For instance, A. Lima de Faria's old book "Evolution without Selection"
makes the same conceptual points (along with other more controversial ones)
but without the numerous CA and quasi-CA examples.
Is it progress? Yeah. It's nice to have a common formalism (CA's and
quasi-CA's) for dealing with all these diverse complex-systems phenomena.
Is it a new kind of science? Maybe. But it's not *that* new -- it's
"complex systems science" which has been gathering steam for a while.
MAYBE his CA-ish formalism will prove powerful enough to make complex
systems science into a "real science", but this book does not demonstrate
that, because it doesn't really come to any dramatic and definitive
scientific conclusions in any particular branch of science.
He admits that the truly revolutionary nature of his approach will only be
seen in 10-20 years. Maybe so.
I think that maybe the reason he doesn't agree that most of his *concepts*
are old ones, is that he thinks he's gotten them "right". Whereas to me it
just seems like he's said familiar things a little *differently*.

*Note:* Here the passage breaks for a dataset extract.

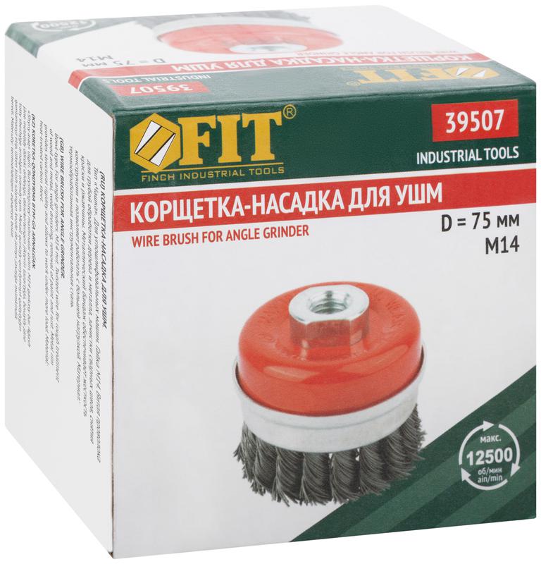 Корщетка-чашка гайка М14 стальная витая проволока с бандажом профи 75мм FIT 39507

The big problem is, given a complex system you want to build, or a complex
phenomenon you want to analyze, how do you go about constructing a CA-ish
model of it? (By intuition based on other examples, is his method, it
seems.) And if the CA-ish model you find just *qualitatively* but not
exactly models the phenomenon or realizes the behavior, how useful is it?
Finding a CA-ish model to *exactly* model a given collection of data about a
given system or set of systems, is a problem of function learning
approachable via GP-type methods, but he doesn't go there...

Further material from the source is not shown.